ASSIGNMENT
An exact copy of every entry is the required answer.

SUPPLIED RECORDS
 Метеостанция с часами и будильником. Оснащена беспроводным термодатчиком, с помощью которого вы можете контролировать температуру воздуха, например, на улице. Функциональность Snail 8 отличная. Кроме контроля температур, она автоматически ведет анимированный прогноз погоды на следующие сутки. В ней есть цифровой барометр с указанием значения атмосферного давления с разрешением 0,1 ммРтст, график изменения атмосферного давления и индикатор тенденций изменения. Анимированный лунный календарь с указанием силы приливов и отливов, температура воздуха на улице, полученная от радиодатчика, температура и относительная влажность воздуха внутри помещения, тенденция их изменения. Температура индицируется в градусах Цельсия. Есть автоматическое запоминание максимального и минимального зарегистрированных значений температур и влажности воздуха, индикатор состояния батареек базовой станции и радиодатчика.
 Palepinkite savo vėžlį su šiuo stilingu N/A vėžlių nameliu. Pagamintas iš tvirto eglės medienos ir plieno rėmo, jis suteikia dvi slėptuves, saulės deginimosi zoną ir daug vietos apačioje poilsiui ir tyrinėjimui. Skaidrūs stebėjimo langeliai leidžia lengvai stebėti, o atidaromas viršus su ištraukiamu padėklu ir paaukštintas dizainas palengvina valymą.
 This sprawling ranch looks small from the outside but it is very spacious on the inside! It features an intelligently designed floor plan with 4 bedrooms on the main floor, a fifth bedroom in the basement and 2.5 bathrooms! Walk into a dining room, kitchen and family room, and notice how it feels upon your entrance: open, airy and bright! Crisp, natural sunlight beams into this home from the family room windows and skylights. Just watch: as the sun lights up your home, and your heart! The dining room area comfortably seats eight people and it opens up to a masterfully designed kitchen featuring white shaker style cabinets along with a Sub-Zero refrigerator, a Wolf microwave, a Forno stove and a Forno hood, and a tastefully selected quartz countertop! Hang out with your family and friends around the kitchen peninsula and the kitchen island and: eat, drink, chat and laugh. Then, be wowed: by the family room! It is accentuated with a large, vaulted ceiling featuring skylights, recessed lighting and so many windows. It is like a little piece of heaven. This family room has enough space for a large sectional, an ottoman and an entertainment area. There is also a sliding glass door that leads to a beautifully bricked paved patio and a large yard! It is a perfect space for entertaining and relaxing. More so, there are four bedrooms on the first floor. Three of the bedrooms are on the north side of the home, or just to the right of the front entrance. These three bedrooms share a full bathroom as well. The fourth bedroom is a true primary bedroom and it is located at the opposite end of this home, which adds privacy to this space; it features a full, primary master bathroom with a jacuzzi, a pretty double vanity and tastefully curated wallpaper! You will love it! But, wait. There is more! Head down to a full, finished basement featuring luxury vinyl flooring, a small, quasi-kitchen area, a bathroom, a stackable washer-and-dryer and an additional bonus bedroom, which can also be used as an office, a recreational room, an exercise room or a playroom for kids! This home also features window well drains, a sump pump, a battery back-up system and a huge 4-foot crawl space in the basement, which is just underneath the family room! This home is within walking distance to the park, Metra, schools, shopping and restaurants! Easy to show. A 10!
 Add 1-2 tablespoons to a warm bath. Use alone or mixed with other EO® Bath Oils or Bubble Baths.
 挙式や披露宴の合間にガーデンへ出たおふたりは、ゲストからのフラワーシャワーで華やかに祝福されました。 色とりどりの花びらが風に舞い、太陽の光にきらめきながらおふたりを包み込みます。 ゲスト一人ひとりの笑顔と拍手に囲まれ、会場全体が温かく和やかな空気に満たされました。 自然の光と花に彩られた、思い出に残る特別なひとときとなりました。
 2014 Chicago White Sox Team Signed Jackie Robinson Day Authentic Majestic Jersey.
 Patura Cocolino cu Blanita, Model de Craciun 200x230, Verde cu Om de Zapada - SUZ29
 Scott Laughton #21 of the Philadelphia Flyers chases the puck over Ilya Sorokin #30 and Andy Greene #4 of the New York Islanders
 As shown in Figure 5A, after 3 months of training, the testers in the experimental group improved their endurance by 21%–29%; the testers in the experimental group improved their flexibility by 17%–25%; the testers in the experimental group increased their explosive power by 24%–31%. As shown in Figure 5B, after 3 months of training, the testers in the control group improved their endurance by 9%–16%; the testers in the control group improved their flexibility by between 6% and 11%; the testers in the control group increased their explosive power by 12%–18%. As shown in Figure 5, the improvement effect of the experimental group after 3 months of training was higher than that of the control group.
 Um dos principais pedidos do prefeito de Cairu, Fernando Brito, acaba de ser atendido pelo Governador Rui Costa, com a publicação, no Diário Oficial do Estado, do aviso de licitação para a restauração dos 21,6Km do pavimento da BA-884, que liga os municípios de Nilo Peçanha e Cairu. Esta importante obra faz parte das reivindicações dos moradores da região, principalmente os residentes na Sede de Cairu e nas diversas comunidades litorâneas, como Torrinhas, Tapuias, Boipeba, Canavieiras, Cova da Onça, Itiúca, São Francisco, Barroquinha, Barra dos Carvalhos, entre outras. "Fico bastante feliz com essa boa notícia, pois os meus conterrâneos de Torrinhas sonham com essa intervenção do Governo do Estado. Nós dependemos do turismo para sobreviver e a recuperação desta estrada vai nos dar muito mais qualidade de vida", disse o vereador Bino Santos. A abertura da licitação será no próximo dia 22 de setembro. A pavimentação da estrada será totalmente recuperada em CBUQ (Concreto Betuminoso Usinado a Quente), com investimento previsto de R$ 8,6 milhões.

WRITTEN RESPONSE
 Метеостанция с часами и будильником. Оснащена беспроводным термодатчиком, с помощью которого вы можете контролировать температуру воздуха, например, на улице. Функциональность Snail 8 отличная. Кроме контроля температур, она автоматически ведет анимированный прогноз погоды на следующие сутки. В ней есть цифровой барометр с указанием значения атмосферного давления с разрешением 0,1 ммРтст, график изменения атмосферного давления и индикатор тенденций изменения. Анимированный лунный календарь с указанием силы приливов и отливов, температура воздуха на улице, полученная от радиодатчика, температура и относительная влажность воздуха внутри помещения, тенденция их изменения. Температура индицируется в градусах Цельсия. Есть автоматическое запоминание максимального и минимального зарегистрированных значений температур и влажности воздуха, индикатор состояния батареек базовой станции и радиодатчика.
 Palepinkite savo vėžlį su šiuo stilingu N/A vėžlių nameliu. Pagamintas iš tvirto eglės medienos ir plieno rėmo, jis suteikia dvi slėptuves, saulės deginimosi zoną ir daug vietos apačioje poilsiui ir tyrinėjimui. Skaidrūs stebėjimo langeliai leidžia lengvai stebėti, o atidaromas viršus su ištraukiamu padėklu ir paaukštintas dizainas palengvina valymą.
 This sprawling ranch looks small from the outside but it is very spacious on the inside! It features an intelligently designed floor plan with 4 bedrooms on the main floor, a fifth bedroom in the basement and 2.5 bathrooms! Walk into a dining room, kitchen and family room, and notice how it feels upon your entrance: open, airy and bright! Crisp, natural sunlight beams into this home from the family room windows and skylights. Just watch: as the sun lights up your home, and your heart! The dining room area comfortably seats eight people and it opens up to a masterfully designed kitchen featuring white shaker style cabinets along with a Sub-Zero refrigerator, a Wolf microwave, a Forno stove and a Forno hood, and a tastefully selected quartz countertop! Hang out with your family and friends around the kitchen peninsula and the kitchen island and: eat, drink, chat and laugh. Then, be wowed: by the family room! It is accentuated with a large, vaulted ceiling featuring skylights, recessed lighting and so many windows. It is like a little piece of heaven. This family room has enough space for a large sectional, an ottoman and an entertainment area. There is also a sliding glass door that leads to a beautifully bricked paved patio and a large yard! It is a perfect space for entertaining and relaxing. More so, there are four bedrooms on the first floor. Three of the bedrooms are on the north side of the home, or just to the right of the front entrance. These three bedrooms share a full bathroom as well. The fourth bedroom is a true primary bedroom and it is located at the opposite end of this home, which adds privacy to this space; it features a full, primary master bathroom with a jacuzzi, a pretty double vanity and tastefully curated wallpaper! You will love it! But, wait. There is more! Head down to a full, finished basement featuring luxury vinyl flooring, a small, quasi-kitchen area, a bathroom, a stackable washer-and-dryer and an additional bonus bedroom, which can also be used as an office, a recreational room, an exercise room or a playroom for kids! This home also features window well drains, a sump pump, a battery back-up system and a huge 4-foot crawl space in the basement, which is just underneath the family room! This home is within walking distance to the park, Metra, schools, shopping and restaurants! Easy to show. A 10!
 Add 1-2 tablespoons to a warm bath. Use alone or mixed with other EO® Bath Oils or Bubble Baths.
 挙式や披露宴の合間にガーデンへ出たおふたりは、ゲストからのフラワーシャワーで華やかに祝福されました。 色とりどりの花びらが風に舞い、太陽の光にきらめきながらおふたりを包み込みます。 ゲスト一人ひとりの笑顔と拍手に囲まれ、会場全体が温かく和やかな空気に満たされました。 自然の光と花に彩られた、思い出に残る特別なひとときとなりました。
 2014 Chicago White Sox Team Signed Jackie Robinson Day Authentic Majestic Jersey.
 Patura Cocolino cu Blanita, Model de Craciun 200x230, Verde cu Om de Zapada - SUZ29
 Scott Laughton #21 of the Philadelphia Flyers chases the puck over Ilya Sorokin #30 and Andy Greene #4 of the New York Islanders
 As shown in Figure 5A, after 3 months of training, the testers in the experimental group improved their endurance by 21%–29%; the testers in the experimental group improved their flexibility by 17%–25%; the testers in the experimental group increased their explosive power by 24%–31%. As shown in Figure 5B, after 3 months of training, the testers in the control group improved their endurance by 9%–16%; the testers in the control group improved their flexibility by between 6% and 11%; the testers in the control group increased their explosive power by 12%–18%. As shown in Figure 5, the improvement effect of the experimental group after 3 months of training was higher than that of the control group.
 Um dos principais pedidos do prefeito de Cairu, Fernando Brito, acaba de ser atendido pelo Governador Rui Costa, com a publicação, no Diário Oficial do Estado, do aviso de licitação para a restauração dos 21,6Km do pavimento da BA-884, que liga os municípios de Nilo Peçanha e Cairu. Esta importante obra faz parte das reivindicações dos moradores da região, principalmente os residentes na Sede de Cairu e nas diversas comunidades litorâneas, como Torrinhas, Tapuias, Boipeba, Canavieiras, Cova da Onça, Itiúca, São Francisco, Barroquinha, Barra dos Carvalhos, entre outras. "Fico bastante feliz com essa boa notícia, pois os meus conterrâneos de Torrinhas sonham com essa intervenção do Governo do Estado. Nós dependemos do turismo para sobreviver e a recuperação desta estrada vai nos dar muito mais qualidade de vida", disse o vereador Bino Santos. A abertura da licitação será no próximo dia 22 de setembro. A pavimentação da estrada será totalmente recuperada em CBUQ (Concreto Betuminoso Usinado a Quente), com investimento previsto de R$ 8,6 milhões.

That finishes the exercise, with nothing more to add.